(Facebook.com/UMass Amherst)
AMHERST (WBZ-AM) -- A longtime UMass Amherst worker, who is African-American, told WBZ NewsRadio 1030's Matt Ledin he was the victim of racial profiling after an anonymous call led plainclothes police to stop and question him as he walked to his job at the university.
Reg Andrade said he was just following his normal daily routine, walking across campus to his job in the main administration building when officers stopped him Friday morning.
"All I was doing was walking from the gym, going to work, just doing a mundane, ordinary activity that millions of people do every single morning, to go to work," he said. "And why was I stopped? Simply because of the color of my skin, and somebody made a false assumption of somebody, and they racially profiled me."

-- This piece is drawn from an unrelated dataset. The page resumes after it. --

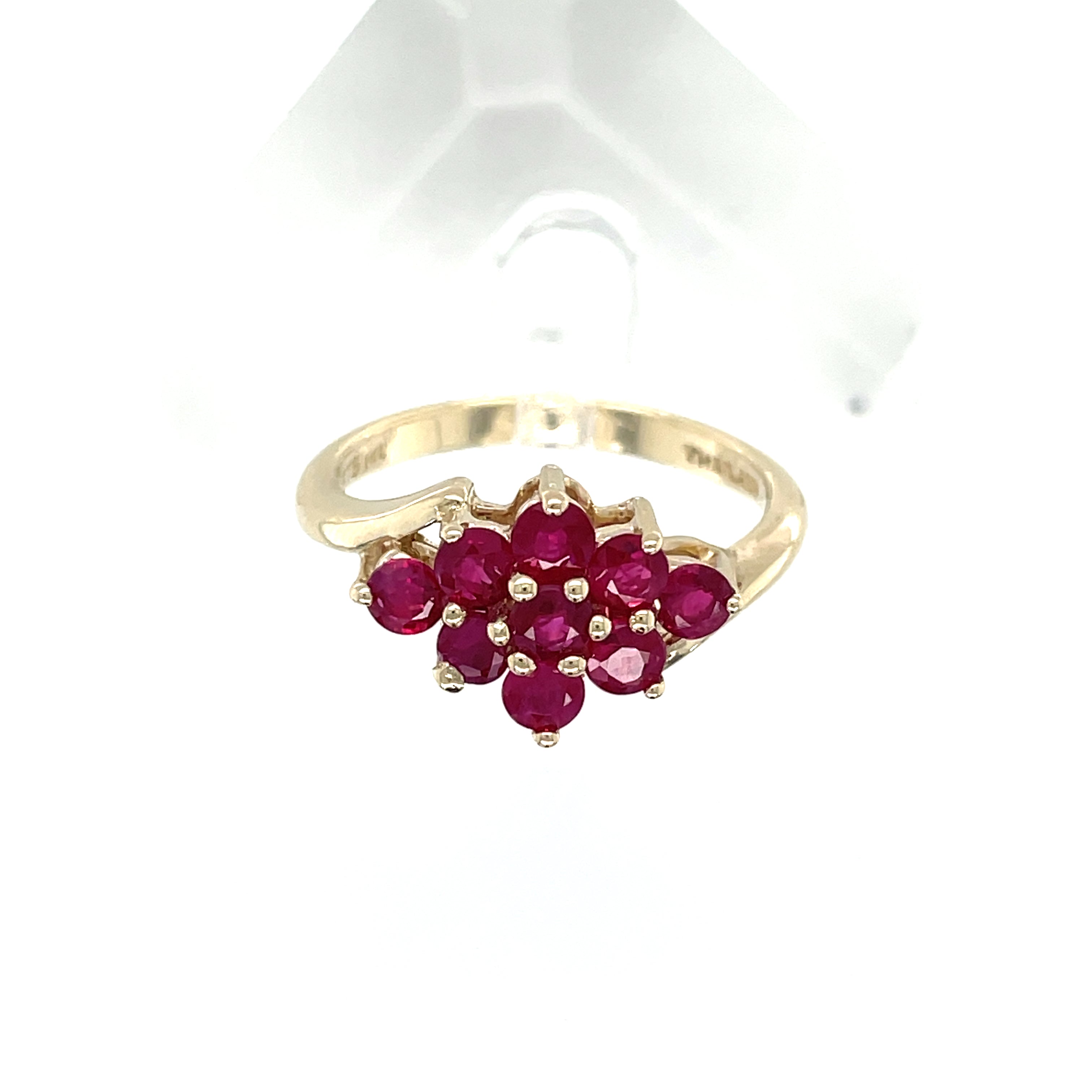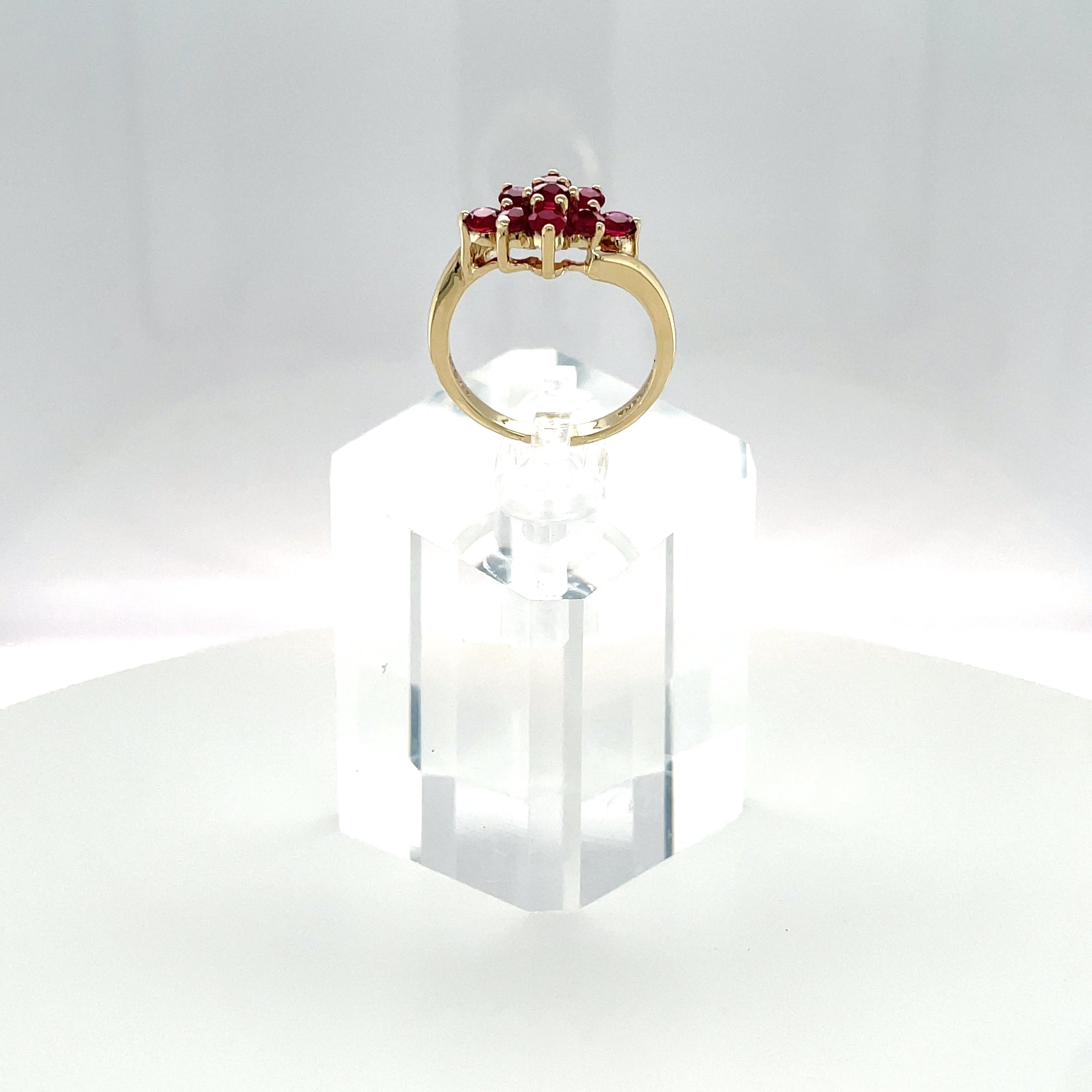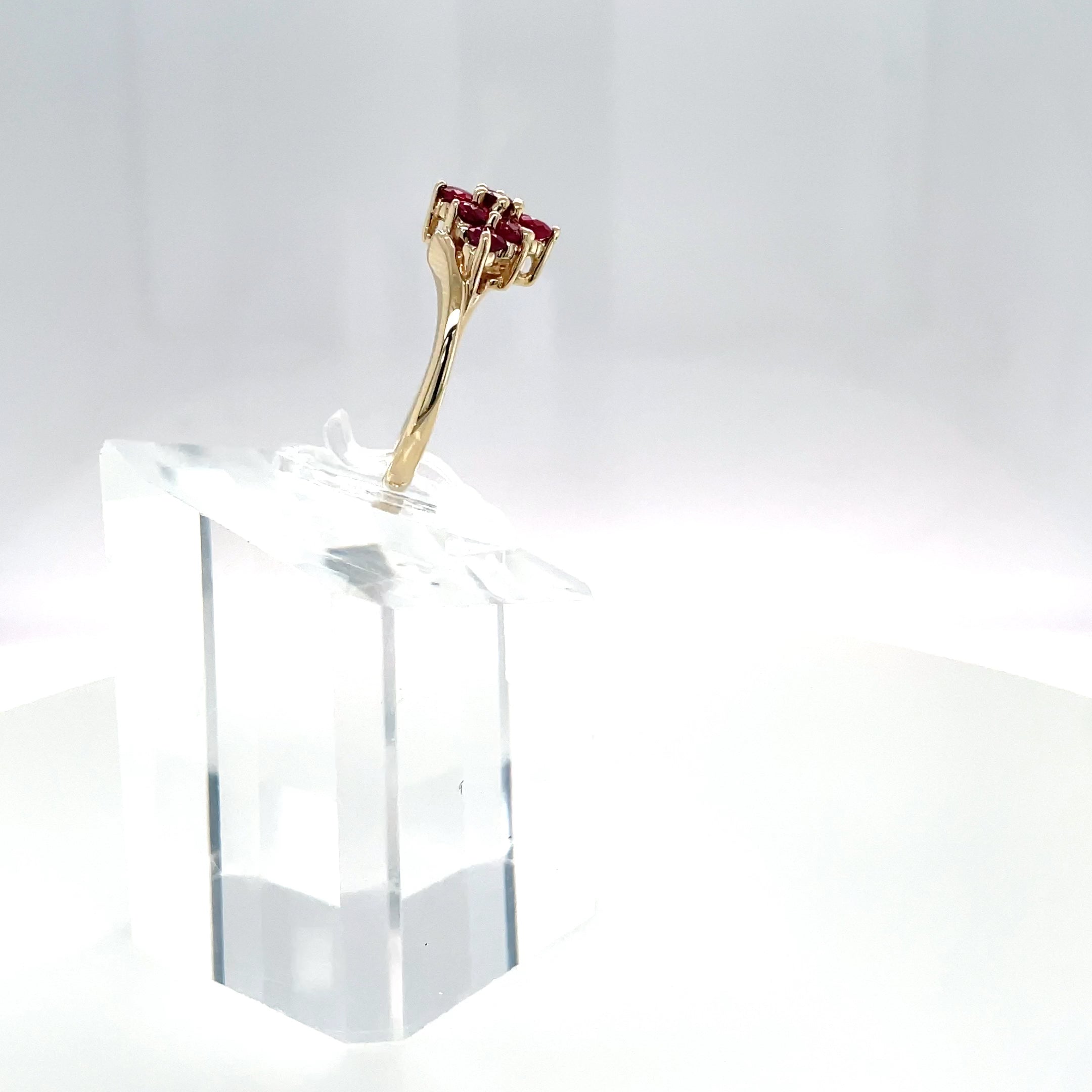 This stunning 14K yellow gold ring features a beautiful cluster setting with natural ruby stones. The ring is size 7 and can be resized if needed. The red color of the ruby stones pairs well with the yellow gold, making it a great addition to any jewelry collection.

Police said they received an anonymous call saying a "very agitated" African-American man was walking around campus with a large duffel bag around 7:45 a.m. The call described exactly what Andrade was wearing. He wondered how someone could pass him without speaking and find him "agitated."
"That is the most peaceful time of my day," he said. "I was not agitated, I love that walk in the morning."
Reg said this was his third time being racially profiled, and that the experience will stay with him.
"This will impact me for the rest of my life," Andrade said. "I don't feel comfortable anymore walking around campus. Am I gonna get stopped again? Is somebody gonna make a phone call? When somebody knocks on my office door, is it the police again? So I will never feel comfortable here at University of Massachusetts Amherst walking around."
UMass spokesperson Ed Blaguszewski said he believes police did act appropriately given the information they received--but acknowledges that it is a difficult experience for their employee.
"No one should be in a place where they're going about their business and end up being suspected of misbehavior, and that's just very difficult to endure," he said.
UMass Chancellor Kumble R. Subbaswamy said in a statement to the campus community that he hopes the call was motivated by a desire to protect public safety--but also knows racial profiling, intentional or not, corrodes efforts to make the university welcoming.
"As this incident illustrates, we still have much work to do," Subbaswamy wrote in the statement. "We recognized this when introducing our campaign this fall to build a Community of Dignity and Respect, and we will be fully engaged to build awareness and to educate in the months ahead. I ask for everyone’s participation in this most important undertaking."
Subbaswamy called Andrade "a valued member of our community."
Asked if he would leave the university, Andrade said he's "not sure what I'm gonna do, I have to contemplate my future."